Berdasarkan data menunjukkan bahwa volume rata-rata NaOH  yang dibutuhkan yaitu 1,1 ml yang menghasilkan kadar asam asetat sebesar 0,234%. Tape ubi kayu merupakan hasil fermentasi dari ubi kayu kukus yang mengandung amilum atau pati (karbohidrat) yang di fermentasikan dengan ditambah ragi menjadi asam asetat dan hasil samping berupa alkohol oleh bakteri amilolitik. Hal ini sesuai dengan pendapat Anshory (2003) menyatakan bahwa tape mengandung glukosa yang dimanfaatkan oleh mikroba untuk pertumbuhan sehingga menghasilkan alkohol. Alkohol tersebut digunakan oleh bakteri untuk pertumbuhan dan mengeluarkan hasil samping berupa asam asetat. Hal ini diperkuat dengan pendapat Iswari (2006) yang menambahkan bahwa ubi kayu ataupun bahan sumber karbohidrat lainnya yang setelah dikukus dapat di fermentasi oleh mikroba amilolitik menjadi tape. Mikroba amilolitik menghasilkan amilase yang dapat memecah pati menjadi dekstrin, maltotriosa, maltosa dan glukosa. Selanjutnya glukosa dimanfaatkan oleh mikroba untuk pertumbuhan dengan mengeluarkan hasil samping berupa alkohol. Alkohol dapat dimanfaatkan lebih lanjut oleh bakteri asam asetat untuk pertumbuhan dan mengeluarkan hasil samping berupa asam asetat.
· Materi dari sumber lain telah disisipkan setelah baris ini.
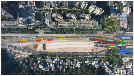 2、其中2条车道(红色标线)调整至南侧硬化区域通行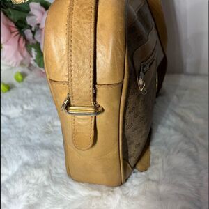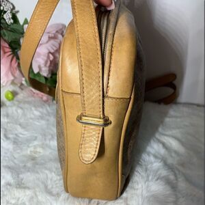 This Vintage Gucci Bag features canvas and leather structure with zip top closure and a front zipper pocket. The interior features a zip pocket.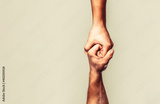 Helping hand concept and international day of peace, support. Helping hand outstretched, isolated arm, salvation. Close up help hand. Two hands, helping arm of a friend, teamwork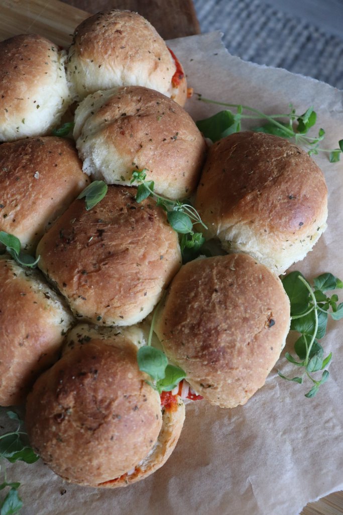 Tämä herkku on tehty jaettavaksi! Pizzan makumaailman omaavat sämpylät sopivat brunssille, iltapalaksi tai vaikka keiton oheen aterialle. Täytteeksi voi tämän ohjeen helpon ’pizza margarita’ idean lisäksi laittaa, mitä nyt pizzaan muutenkin 😊. Sämpylät ovat mahtavia myös sellaisenaan ja säilyvät kotileivonnaiseksi erittäin hyvinä ja mehevinä seuraavaankin päivään.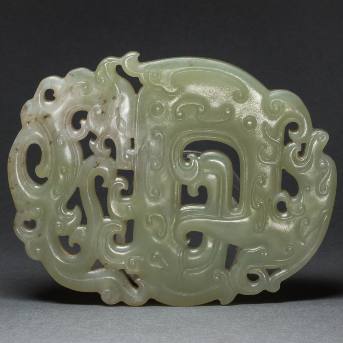 Chinese celadon openwork jade 'dragon' pendant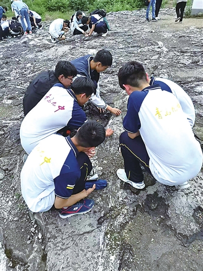 青岛九中学子在地质考察研学中观察岩石。(学校供图)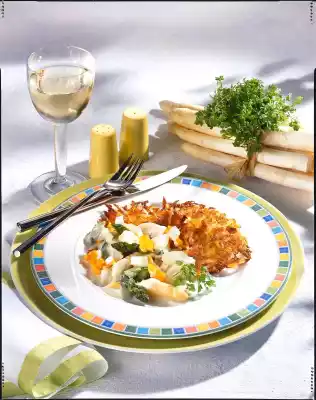 Boil up the asparagus stock while stirring. Refine with cream and bind slightly with binding agent. Season the sauce with salt, pepper and some lemon juice. Heat the asparagus in the sauce. Peel, dice and fold in the egg. Serve with the Rösti

3.4.3.   Penentuan Kadar Asam Asetat pada Ubi Kayu Kukus
            Berdasarkan hasil praktikum percobaan kadar asam asetat pada Ubi Kayu Kukus diperoleh data sebagai berikut :
Tabel 9. Hasil Percobaan Kadar Asam Asetat pada Ubi Kayu Kukus

Jumlah NaOH (ml)
Titrasi 1
1,3 ml
Titrasi 2
1,2 ml
Rata-rata
1,25 ml
Sumber : Data Primer Praktikum Bioimia Dasar, 2013.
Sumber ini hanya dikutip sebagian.